▶ _Data under study_
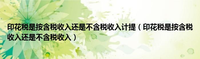 关于印花税是按含税收入还是不含税收入计提,印花税是按含税收入还是不含税收入这个很多人还不知道,今天菲菲来为大家解答以上的问题,现在让我们一起来看看吧!
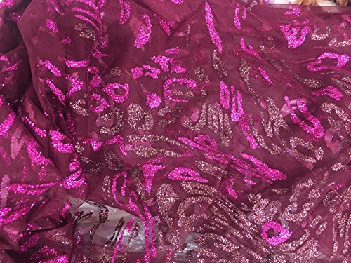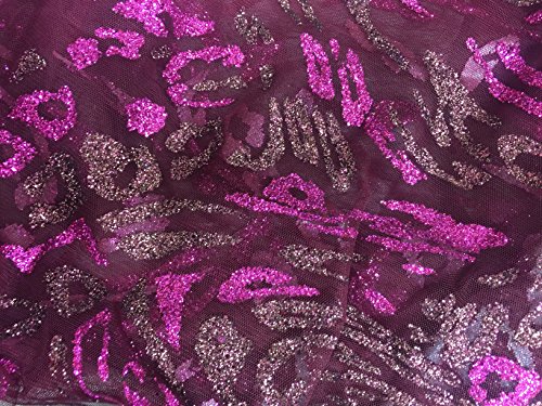 c Fancy Burgandy Tulle Fabriwith Burgandy / Azalea pink Glitter Design ~ 2 Yds~58"wide
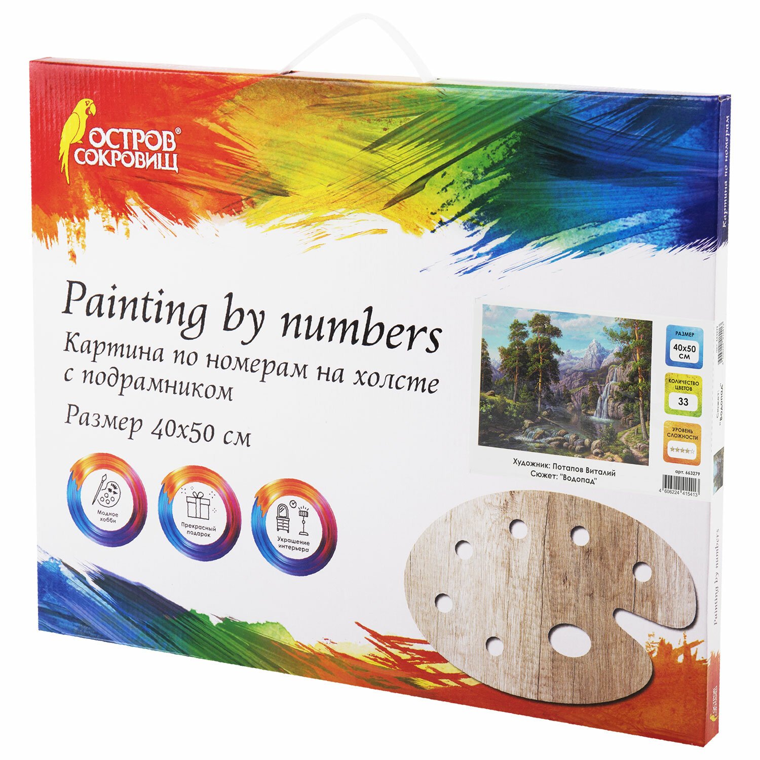 Картина по номерам 40х50 см, ОСТРОВ СОКРОВИЩ "Водопад", на подрамнике, акрил, кисти, 663279
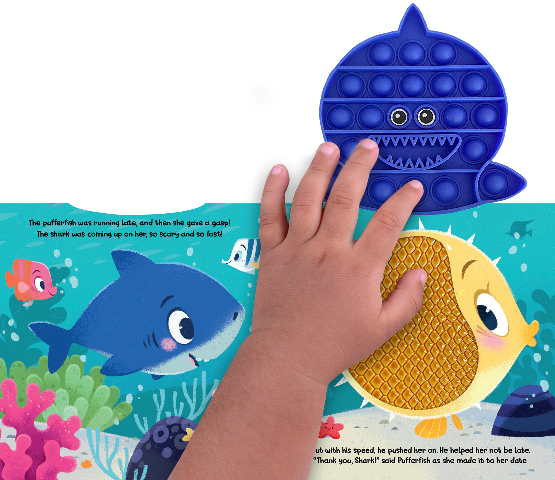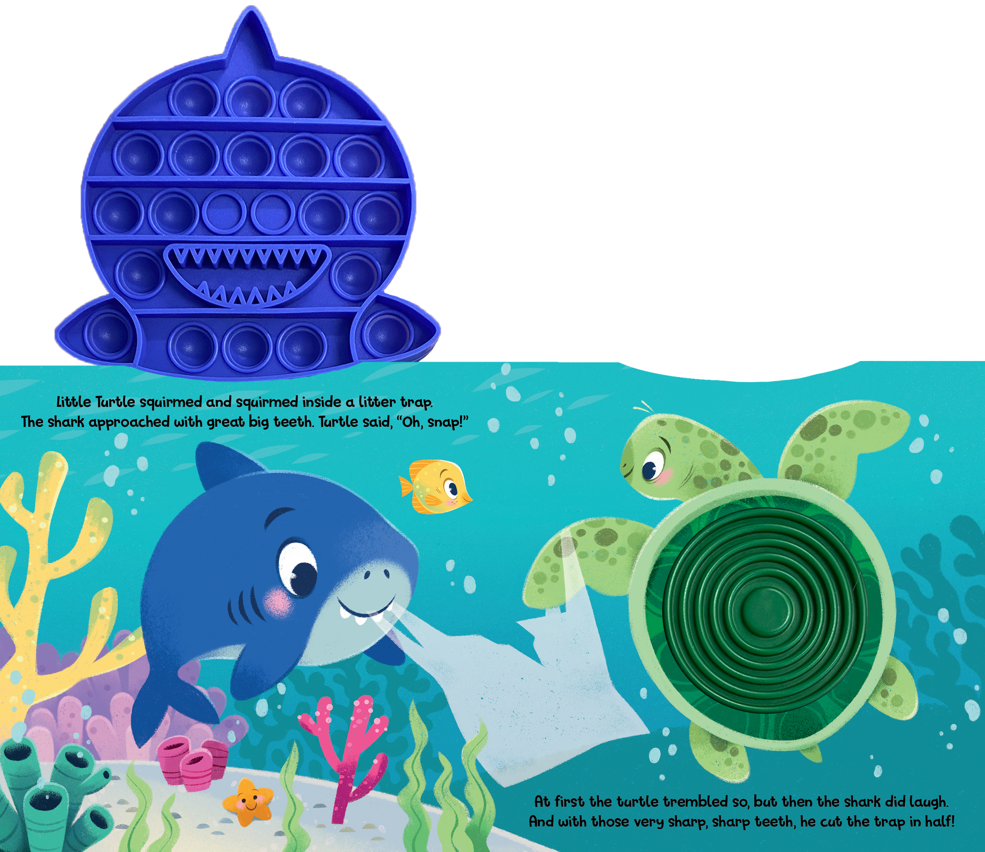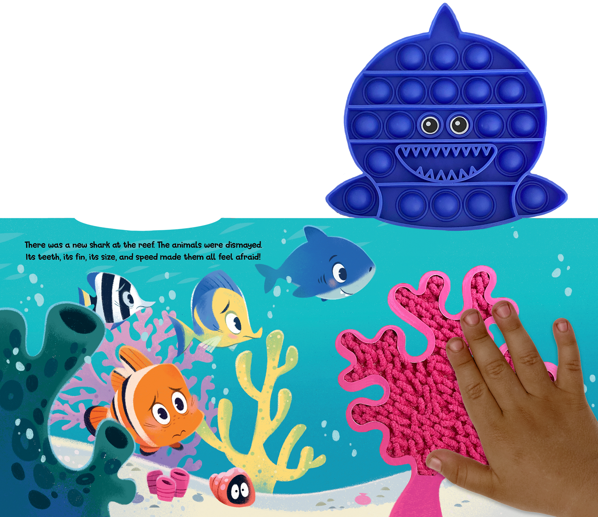 This sensory Shark playmate is designed to captivate with a character-shaped fidget fun pop-it head and multiple touch-and-feel elements. Kids can touch, crinkle, and pop as they read along.
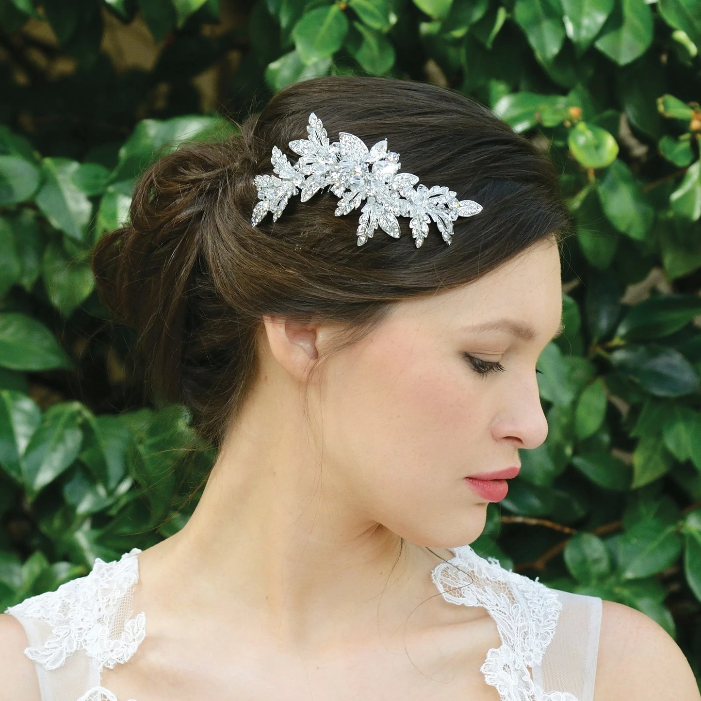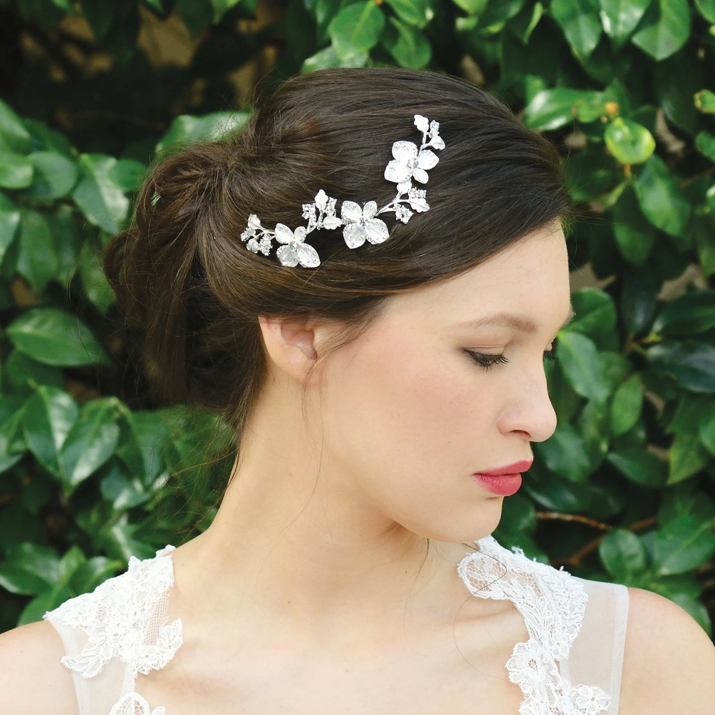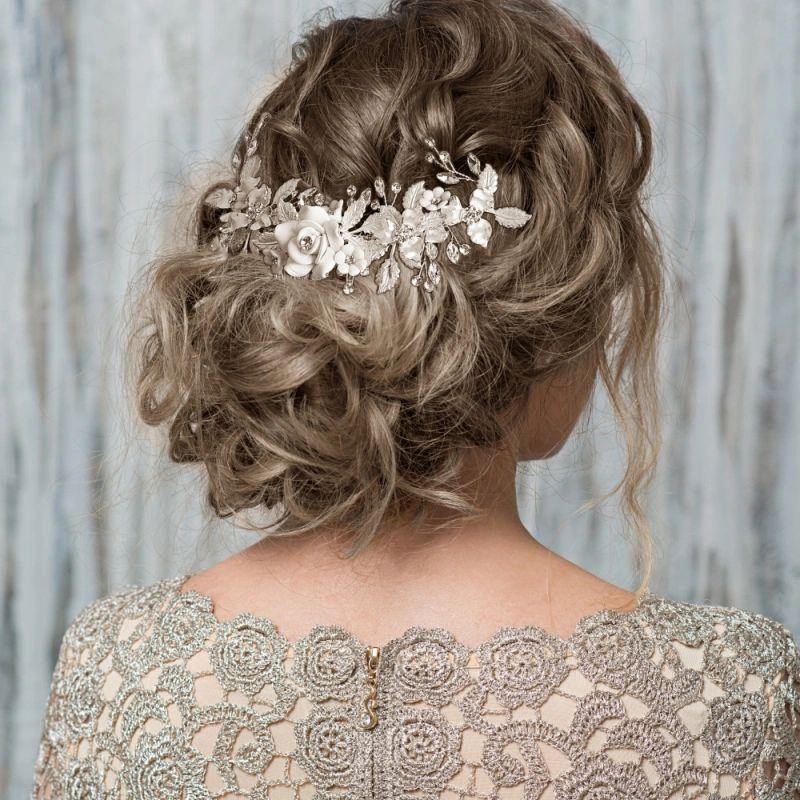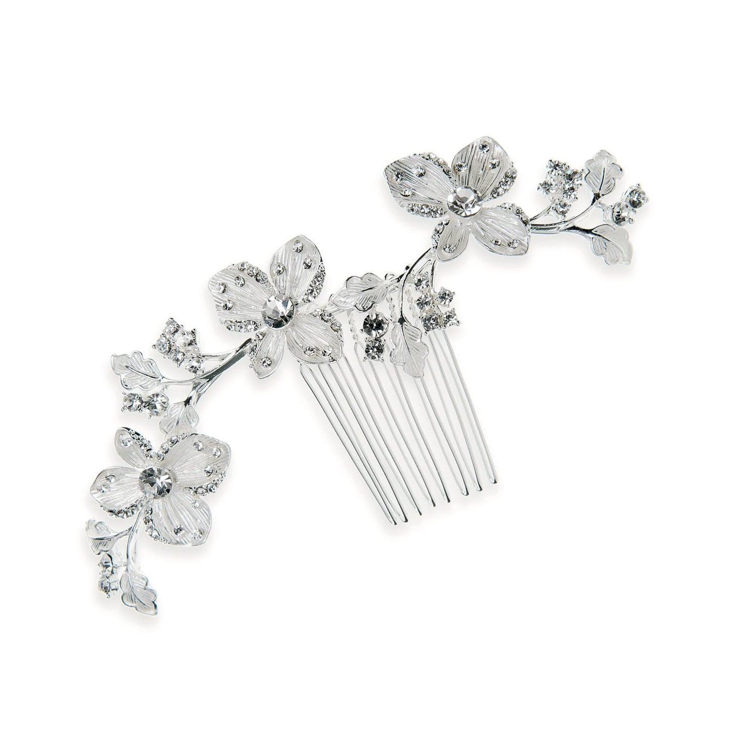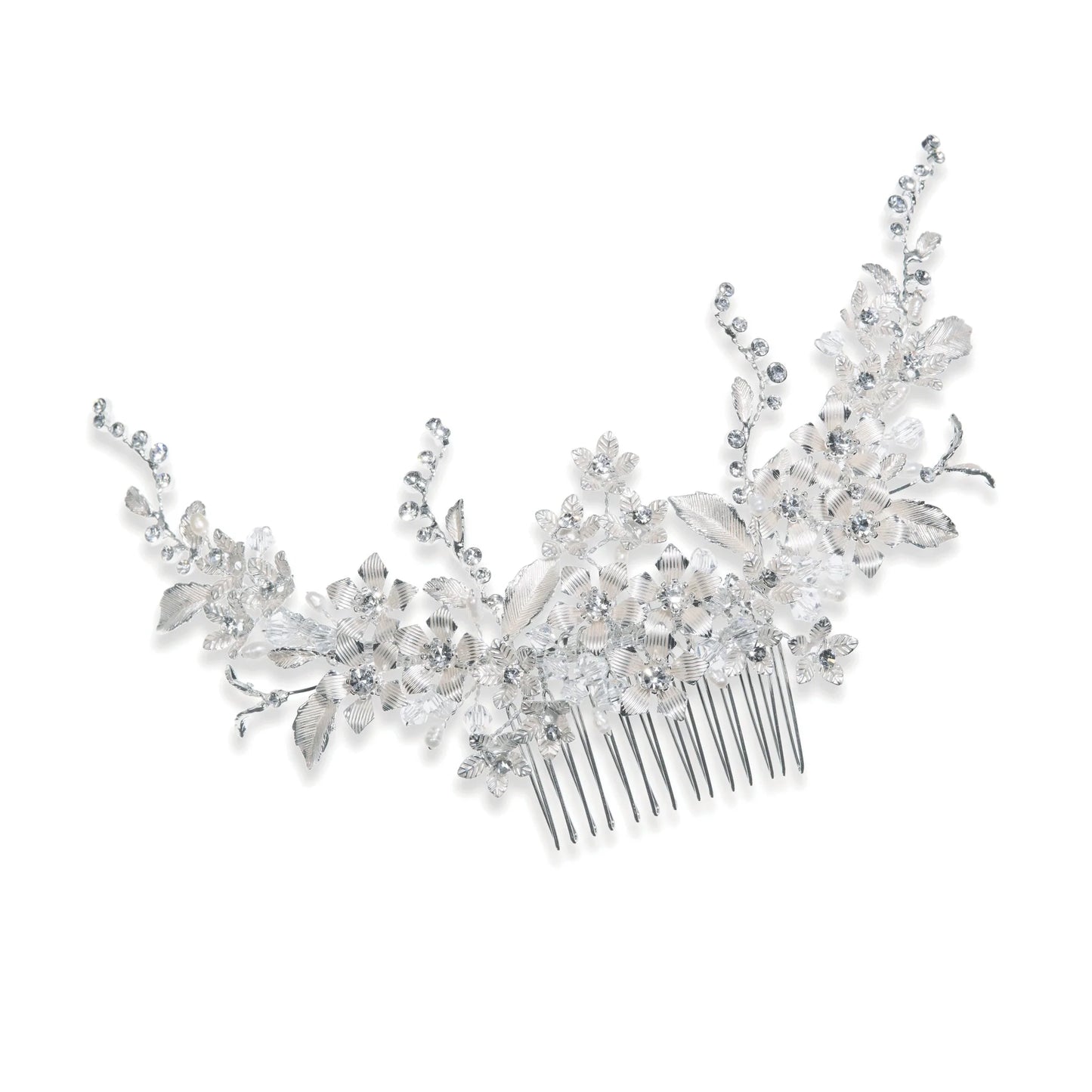 Add Floral Wedding Hair Comb, Silver with Crystals SASKIA to the cart

▶ _Exercise prompt_
Give an exact copy of the material, leaving out every picture.

▶ _Written answer_
 关于印花税是按含税收入还是不含税收入计提,印花税是按含税收入还是不含税收入这个很多人还不知道,今天菲菲来为大家解答以上的问题,现在让我们一起来看看吧!
 c Fancy Burgandy Tulle Fabriwith Burgandy / Azalea pink Glitter Design ~ 2 Yds~58"wide
 Картина по номерам 40х50 см, ОСТРОВ СОКРОВИЩ "Водопад", на подрамнике, акрил, кисти, 663279
 This sensory Shark playmate is designed to captivate with a character-shaped fidget fun pop-it head and multiple touch-and-feel elements. Kids can touch, crinkle, and pop as they read along.
 Add Floral Wedding Hair Comb, Silver with Crystals SASKIA to the cart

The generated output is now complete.